Film cooling science and technology for gas turbines: state-of-the-art experimental and computational knowledge
April 16-20, 2007, edited by R.S. Bunker, T. Arts

Film cooling in its various forms has become one of the most important and relied upon cooling techniques for the hot sections of propulsion and energy gas turbines.  Film cooling represents one of the few game changing technologies that has allowed the achievement of today’s high firing temperature, high efficiency gas turbine engines.  Because of its high importance and widespread application, research into the many aspects of film cooling has seen a tremendous increase in the last ten to fifteen years, with publications now exceeding 3000 in number. Further advances in film cooling performance levels, physics-based understanding of film-gas interactions, and the ability to accurately predict film cooling effects in real engines are all major requirements for the future goals of engine performance, life extension, and emissions reduction.  The objective of these Lecture Series proceedings is to present the state-of-the-art in both experimental knowledge and CFD-based computational predictions concerning gas turbine film cooling. The course notes are aimed at applied thermal-fluid and CFD researchers as well as gas turbine engine designers.

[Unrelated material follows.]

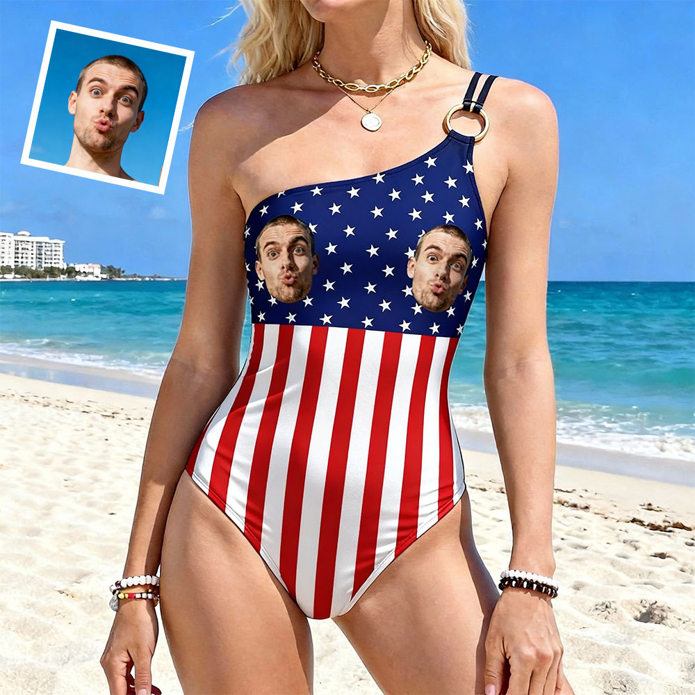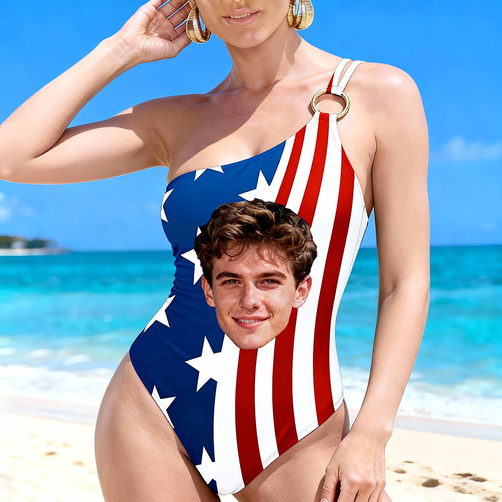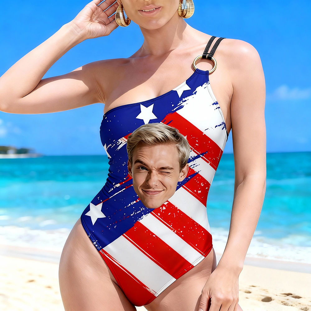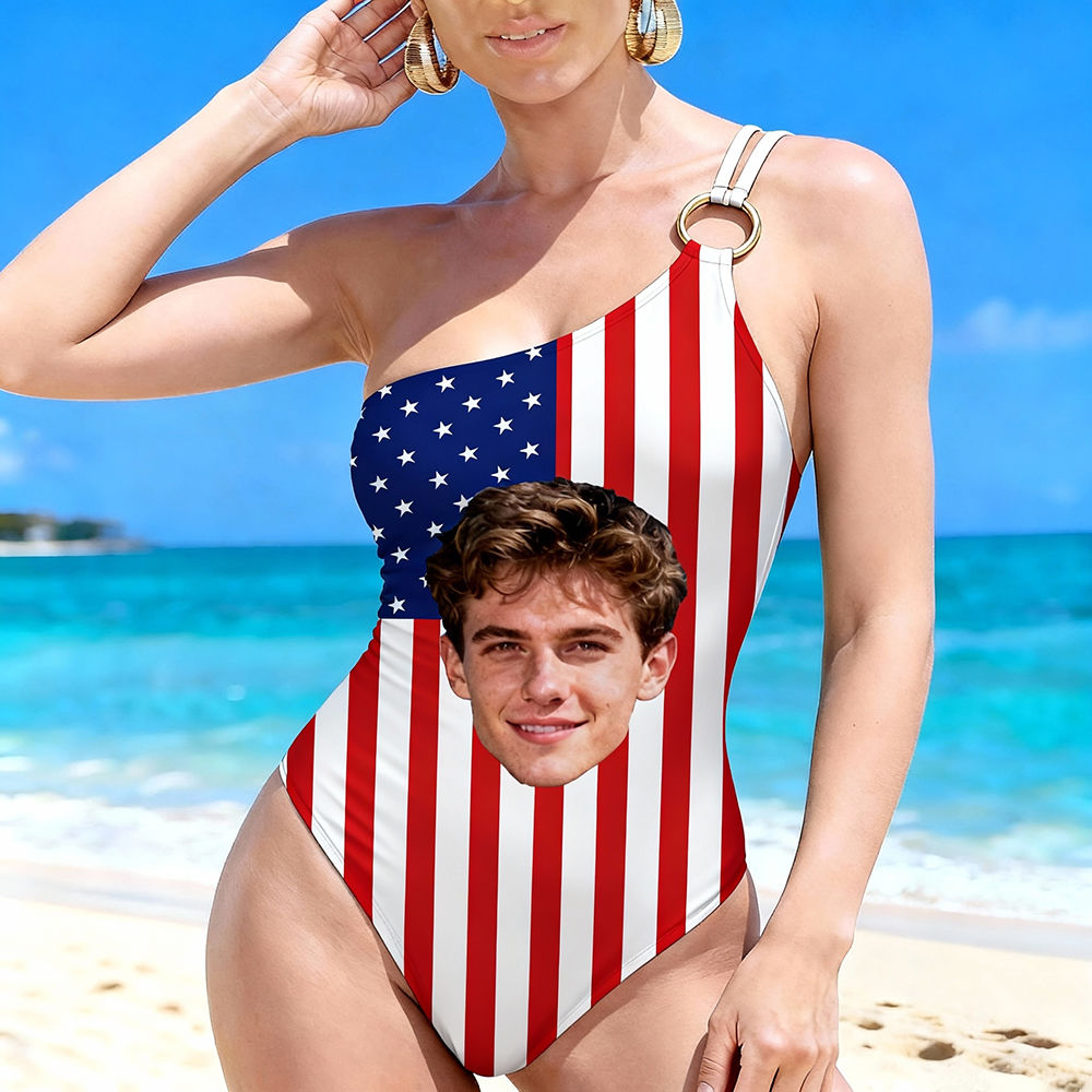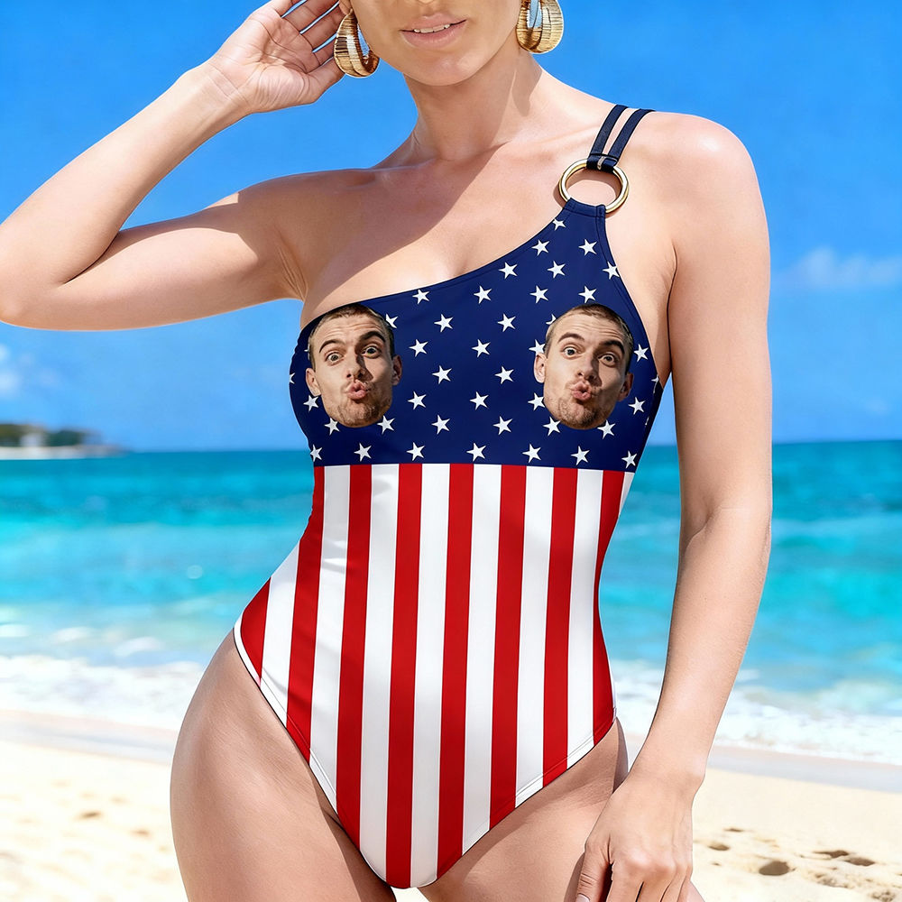 Personalized Face Swimsuit Custom Women's One-shoulder Swimwear American Flag Bathing Swimsuit

The LS begins with an overview of turbine engine design practices and applications for film cooling.  This introductory lecture also includes related aspects of film cooling inspection, manufacturing, and repair.  A significant portion of the LS is devoted to comprehensive reviews concerning the fundamentals of jet injection and mixing, the various key parametric effects and results for adiabatic effectiveness, heat transfer coefficients and discharge coefficients.  Each of these areas is treated for basic flat plate experimental knowledge of film cooling, as well as the more engine representative conditions of airfoil and endwall flow fields and interactions.  The main influencing factors of shape, orientation, density ratio, blowing ratio, and freestream effects are examined in detail.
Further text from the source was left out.